Launched at Long Reef just after 6am yesterday after meeting up with Gary & Dave in the car park. They headed out before me and just as I was launching PaulB and another kayaker in their Revo's were getting set up.

It had been roughly 8 months since my last soiree at Longy (see http://www.akff.net/forum/viewtopic.php?f=17&t=57449) and a fortunate window of opportunity had presented itself the day before so I grabbed it as not I'm sure when the next one will come along. It was a beautiful dawn and conditions were great for a fish. Minimal swell and wind and the water was still quite warm. A quick radio check with Gary confirmed not much action on the snapper so I made my way towards the wall and along the way we met up to fish one of Gary's marks. Armed with my new light weight Soron spinning outfit I was casting out a Squidgy SP on it and had a juicy squid tentacle rigged up on a jig head on the larger Daiwa 3500/Viper outfit.

I was lucky to get a great hit on the Squidgy early on into the session and this proved to be my only keeper king among another half a dozen or so undersize rats later in the session.

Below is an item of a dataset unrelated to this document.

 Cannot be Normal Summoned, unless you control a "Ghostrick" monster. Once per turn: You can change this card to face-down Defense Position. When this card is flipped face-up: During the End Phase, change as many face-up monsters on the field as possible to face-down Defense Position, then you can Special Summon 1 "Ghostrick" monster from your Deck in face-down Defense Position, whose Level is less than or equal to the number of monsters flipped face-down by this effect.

The Soron STX40 reel with 12lb braid and 20lb leader did a great job as well as the matching 4-6kg Soron spin rod in subduing the kingie and during the fight my other trailing rod hooked up to another fish which thankfully fought cleaner than the king. Silly me managed to lose my ruler overboard as I wanted to measure the subdued king as well as reach for the other rod in the rod holder  I recently bought a waterproof action cam and this was it's first outing suction-cupped to the Revo's hatch. As soon as I work out how to edit the clip I'll upload it to YouTube. I have attached a couple of screen grabs from the cam below.





































I decided the king was at least 70cm so dispatched him while I finally grabbed the other rod not knowing what was on the end of it. When I bought it up I wasn't sure what the fish was but recall seeing it in a few of the Qld fishing reports, later confirmed as a Spangled Emperor. Not sure how common these guys are this far south???

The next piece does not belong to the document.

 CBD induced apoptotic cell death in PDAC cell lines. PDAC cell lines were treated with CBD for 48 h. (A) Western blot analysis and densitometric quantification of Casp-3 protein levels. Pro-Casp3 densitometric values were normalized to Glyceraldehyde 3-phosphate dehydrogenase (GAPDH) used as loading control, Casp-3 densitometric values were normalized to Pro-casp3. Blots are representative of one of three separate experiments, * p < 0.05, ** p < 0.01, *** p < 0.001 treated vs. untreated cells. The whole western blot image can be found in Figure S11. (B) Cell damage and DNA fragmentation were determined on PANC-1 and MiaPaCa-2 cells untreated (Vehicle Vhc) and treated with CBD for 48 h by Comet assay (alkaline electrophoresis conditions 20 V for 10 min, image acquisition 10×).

With high tide around 08:30 the fish went off the bite but there was plenty of fish activity showing on everyone's sounders, the fish just didn't want to play ball when we were directly over them, whether it was plastics, squid or small jigs. Overall I ended up with a couple of barely legal snapps which I let go and some unwelcome pike, one of which I was tempted to pin through the nose attached to my Gozilla outfit which remained unused for the day but the stench of the pike put me off. The others got stuck into some bonito and a mowie among the rats but not sure what else was caught out there.

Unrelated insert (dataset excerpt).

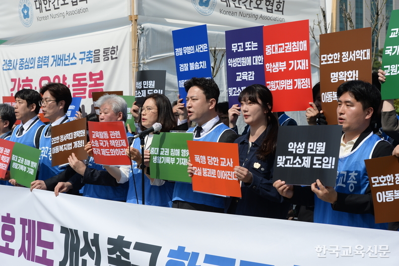 이에 대해 교총은 “학부모의 보복성 악성 민원이나 무고한 아동학대 신고에 대한 공포가 교사들의 입을 막고 있다”며 “교사가 정당한 생활지도를 하다가도 정서적 학대로 몰려 법정에 서야 하는 기막힌 현실이 방치되는 것”이라고 설명했다.
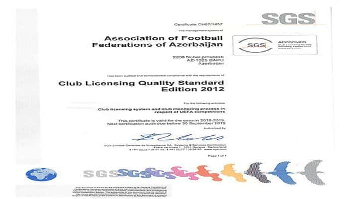 İsveçrənin SGS şirkəti 2018-ci ildə AFFA-nın Lisenziyalaşdırma qrupunun fəaliyyəti ilə bağlı apardığı yoxlamanın nəticələrini açıqlayıb.

It was a great day out and hopefully will get out there again sometime soon.

Marty


----------



## Guest (Jun 10, 2013)

Nice cafch! I believe they were a reasonably regular catch as far south as Broughton Is back in the 60's but are fairly rare now. Always a welcome addition to our bag up here.


----------



## johnny (Aug 12, 2007)

eye corumba..well done...i thought only i lost rulers n pliers etc n knives at longy...i got brainwashed by you n eric n got soronified..will check the rods


----------



## Wrassemagnet (Oct 17, 2007)

Nice one Marty, can't wait for the video and that's the first sweetlip I've ever seen from Sydney.


----------



## avayak (May 23, 2007)

Your camera took some great shots Marty. Glad you managed a feed.
From other reports it appears everyone was doing it hard, you picked up the fish of the day.


----------



## sbd (Aug 18, 2006)

Great report Marty. I haven't caught a spangled emperor in Sydney (got a few on DHI). How was it on the plate?


----------



## Marty75 (Oct 23, 2007)

sbd said:


> How was it on the plate?


I recall when I filleted it that it had firm white flesh but I rushed preparing the fish for Monday's dinner and had served up some of the fish to my little rug rats (3.5 &1.5) and by the time I got the rest of the kingfish of myself and the missus on the table the boys had polished off the spangled :?  So all good there but missed my chance to try it...

But one small revelation was cooking up the kingfish 'wings' I think they're called. Usually discarded when I fillet my fish but this time decided to fry them up after snipping off the fins and they were great - nice & juicy! Will remember that next time for larger fish.


----------